While clean water has always been an issue in developing nations, the fact that major cities and prosperous states are struggling to secure their water supplies illustrates the magnitude of the world’s water infrastructure problem.
Tracing water issues to their source
For decades, experts have warned about the growing risk of water shortages even as scientists and engineers developed new solutions that connect water-rich with water-scarce regions, and that improve water-usage efficiency.
Urbanisation and population growth, the rising water intensity of industrial processes, high-output farming practices and consumer lifestyle changes are all stressing the water system. While these may be slow-moving individual factors, they have combined into a powerful overall trend – one that could result in severe disruptions to farming, industry and everyday life if left unaddressed.

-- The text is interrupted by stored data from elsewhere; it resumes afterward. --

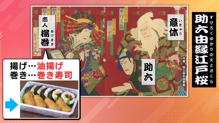 その中に出てくる助六の恋人が、吉原でトップスターの「揚巻(あげまき)」で、このあげまきの名前から、「揚げ」が油揚げ、「巻き」が巻き寿司ということで、助六という寿司の名前になったということです。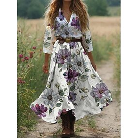 Femmes Robe maxi Robe bohème Robe Vintage Robe Décontractée ancien Coupe Ample Fleuri manche longue Col en V Noir et Blanc Glace bleue Noir Jaune Été Printemps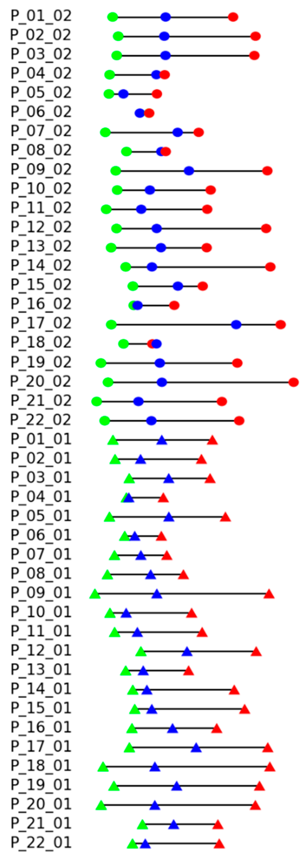 Figure 8. Each line corresponds to the records of certain patients (P_patient number) in the dataset, suffix _01 corresponds to the standing position, and _02 corresponds to the sitting position. The color markers (dots for sitting, triangles for standing exercises) reflect the exercise execution levels: the green color for “good”, blue color for “intermediate”, and red color for “bad”. The proper sequence should be green, blue, and red. A different order of colors indicates an error. Distances between markers reflect the distance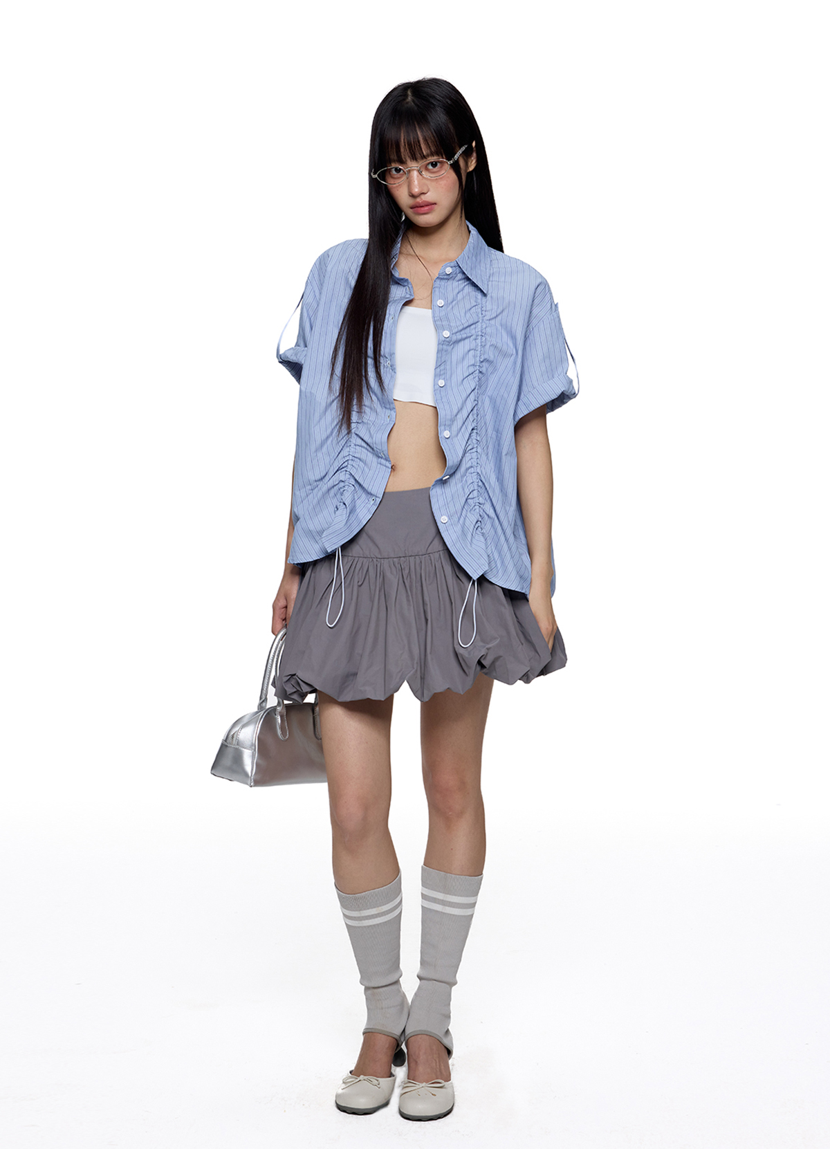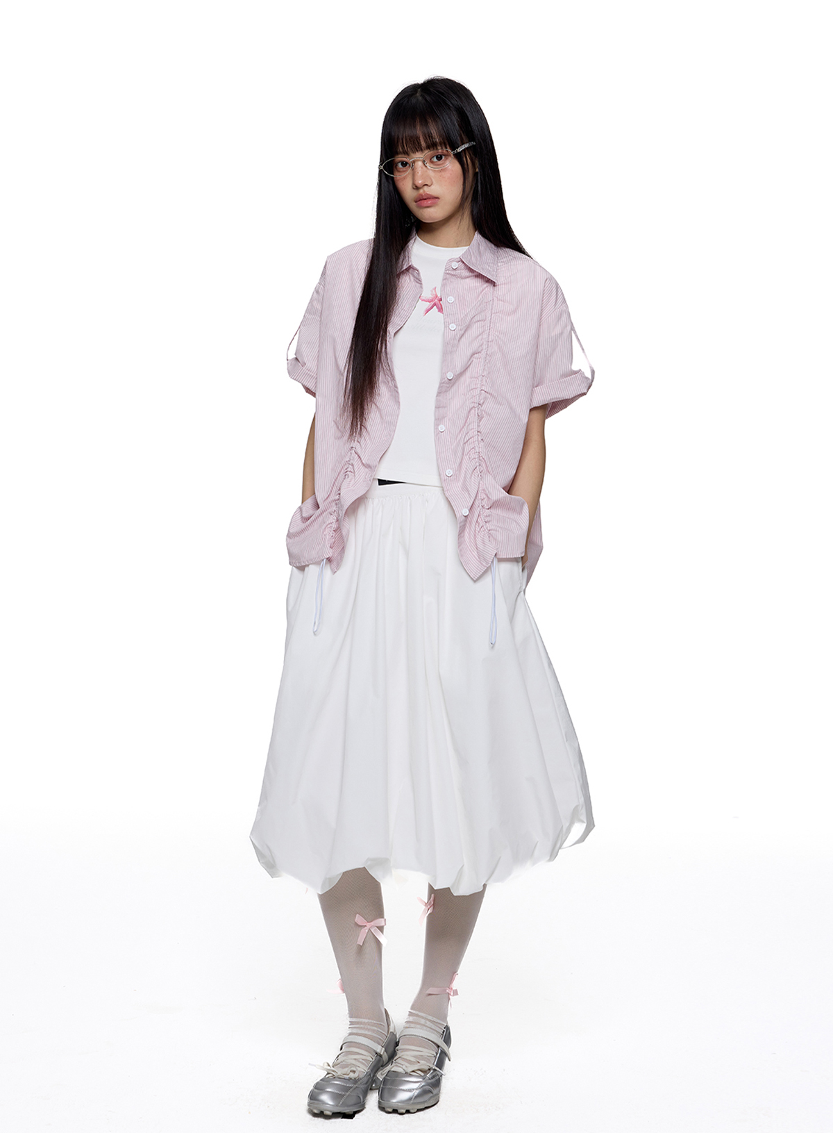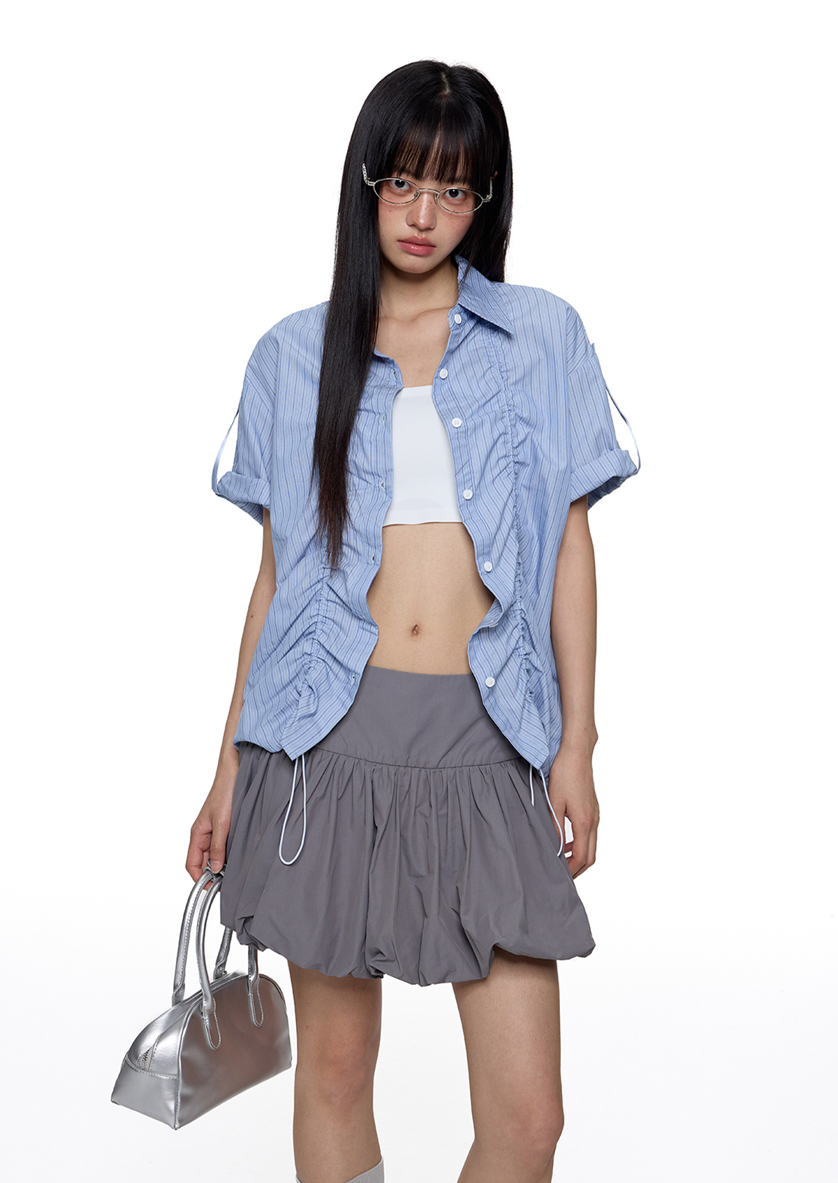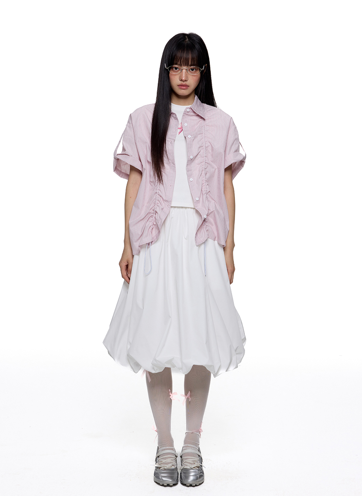 - 전면 스트링 셔링 디테일로 실루엣 조절 가능

So what is impeding investment? One issue is that fixing the world’s water infrastructure is a costly long-term commitment, yet most parts of the water network are invisible to the average citizen. As long as water comes out of the tap, people are less inclined to worry about the hidden parts of the water cycle.

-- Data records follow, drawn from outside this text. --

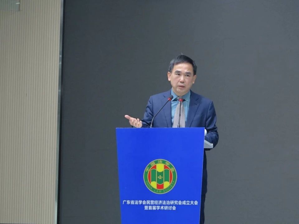 于敏代表广东省法学会致辞。他表示,广东省法学会民营经济法治研究会的成立,是深入贯彻落实习近平总书记关于民营经济发展系列重要论述的具体实践,广东作为我国改革开放的排头兵、先行地、实验区,民营经济始终是推动广东经济提质增速的重要力量,要做好大力发展民营经济这篇大文章。广东省法学会成立民营经济法治研究会,必将更好地整合全省民营经济法治理论与实践研究队伍,积极探索新时代民营经济法治保障问题,为党委政府提供高质量的法治理论参考和对策建议,推动全省民营经济高质量发展,服务全省民营经济发展战略全面实施。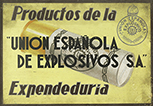 1935 ca. CARTEL: (PUBLICIDAD). DOMINGUEZ: PRODUCTOS DE LA UNIÓN ESPAÑOLA DE EXPLOSIVOS S.A. EXPENDEDURÍA. Litografía. 35 x 50 cm (14 x 19,5 in). Sucio. Pequeñas abrasiones marginales. A-.
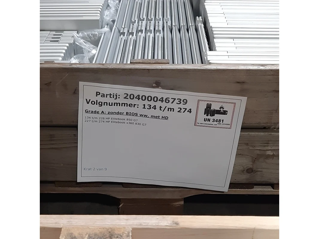 Merk: HP Product: Laptop Conditie: gebruikt Specificaties: Grade A: zonder BIOS ww, met HD 134 t/m 226 HP Elitebook 850 G7 227 t/m 274 HP Elitebook x360 830 G7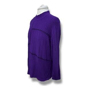 Embrace style and comfort with the Allison Daley Women's Long Sleeve Crew Neck Sweater. In a striking purple color, this size L knit is perfect for casual or business casual settings.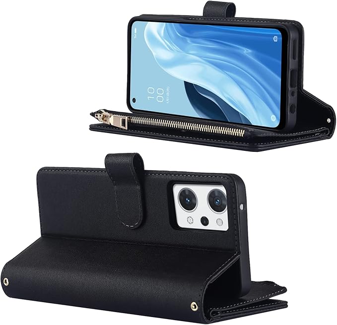 Eastwave OPPO Reno7 A ケース OPPO Reno 7A 縄掛けケース Reno7A 手帳型 財布型 ICカード コインポケット ストラップ付き カード 収納 小銭入れ ファスナーポケット付き PUレザー 6色ブラック
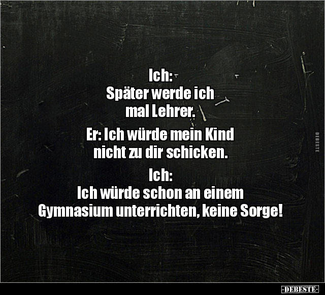 Ich: Später werde ich mal Lehrer. Er: Ich würde mein Kind nicht zu dir schicken. Ich: Ich würde schon an einem Gymnasium unterrichten, keine Sorge!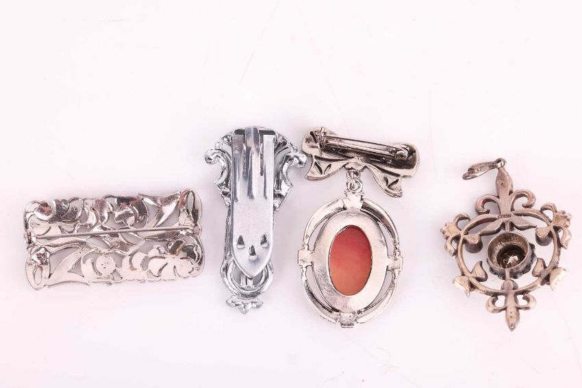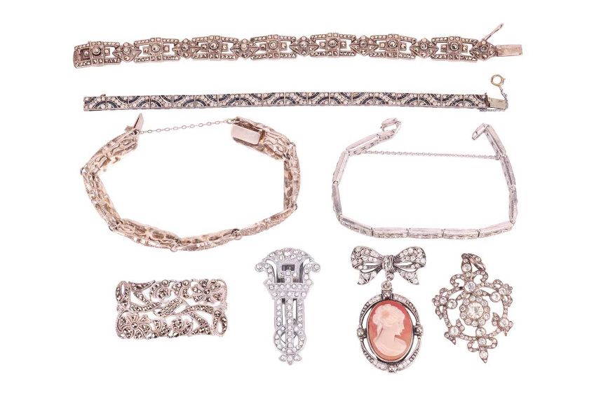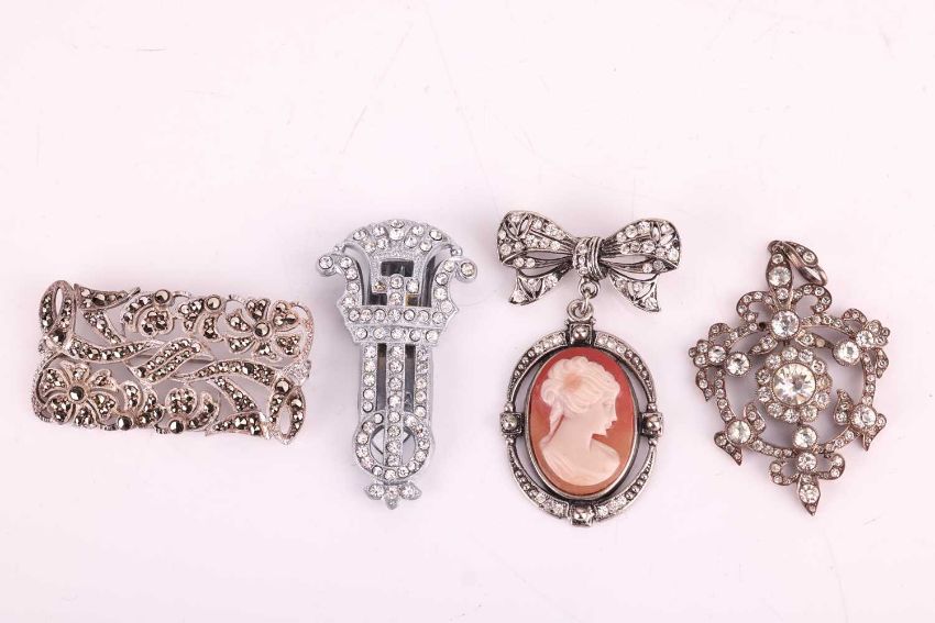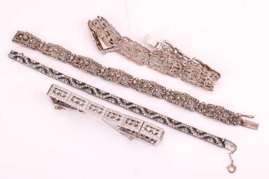 A collection of costume jewellery set with paste and marcasite, including four link bracelets, two brooches, a pendant and a late Art Deco-style shoe clip. (8)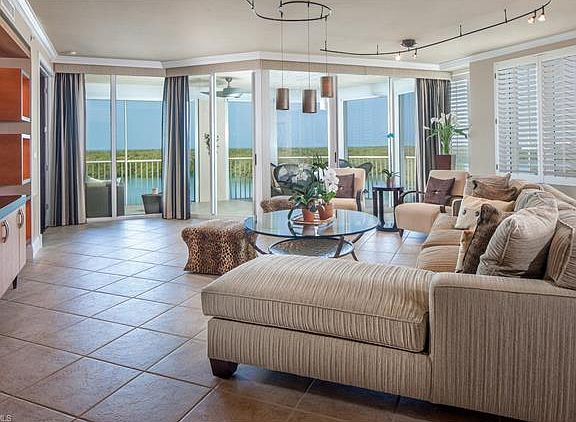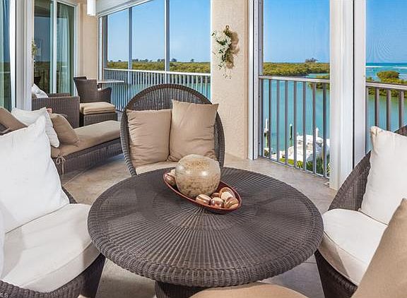 Beautiful renovated end unit - 3 + den 3.5 baths, 2862 SF positioned directly over Wiggins Pass to the Gulf of Mexico. A beautiful custom kitchen with views stretching to the white sand beaches lacing the Gulf waters. What makes a Chef happy? Gulf views - and being part of the action! Wonderful entertaining space - flowing from kitchen and custom dining room - to intimate living room that opens to the beautiful west facing lanai. Never miss a sunset from this premier front row seat! Spacious master suite has 2 spacious closets, sumptuous bathroom and opens to the sunset lanai area. Two private guest suits w/full bathrooms are on the east side of the property for complete privacy for owners and guests. Furniture package is available.

Politicians are also afraid to push for taxes or levies that could finance the construction or repair of waste-water treatment plants, or the implementation of new sewage-filtration technologies. As a result, upgrades to the water system can be all too easily pushed down the road.
Yet while this overall lack of investment is problematic, it makes water an under-appreciated and under-addressed theme that can be attractive for investors who know how to approach it.
How to invest in water
Investing in water is different from investing in other commodities, as water itself is not a tradeable asset. While rainfall is “free”, clean water out of the tap is a commodity with high social value, and one that is extremely sensitive to environmental factors.
As a result, major investments along the entire water supply chain are needed to provide cities and farming regions with clean water – and this is where the value for investors can be generated. Collection wells, pumping stations, filtration solutions and the treatment of sewage are all critical parts of the complex system of fresh and waste water. Also critical are technologies that reduce water loss and further improve its quality in the delivery chain.
Companies that offer these solutions stand to benefit from the growing need to improve the world’s water infrastructure, and they will likely enjoy ongoing social and political support for their products and services.
A good way to approach water investing is with a concentrated, high-conviction portfolio of stocks of companies with the highest exposure to the most stable areas of the water industry. Integrating environmental, social and governance (ESG) factors into the investment process can also add the improved performance potential associated with socially responsible investing. In addition, actively picking stocks of water-related companies could also help reduce cyclicality and volatility.
The future of water investing
Only a few countries have achieved the level of sophistication where water is routinely safe to drink, or can be safely and easily released back into the environment. Yet securing a steady supply of clean water is a goal shared by every nation around the world, making water an investment theme worth pursuing.
Adding to the solid outlook for water investing is the fact that the societal need for water tends to provide protection from political uncertainty, and it can strengthen the regulatory support needed for continued investment.
Water-related investments are also less dependent than others on the broader economic cycle. Consolidated markets and the technological leadership shown by major water-market players allow for stronger pricing power and the potential for more stable profits.
Given this combination of drivers – including a supply/demand imbalance and protection against wider political and economic volatility – water can be a defensive investment theme with prospects for high growth. That could make water an even more attractive option for investors under today’s uncertain market conditions.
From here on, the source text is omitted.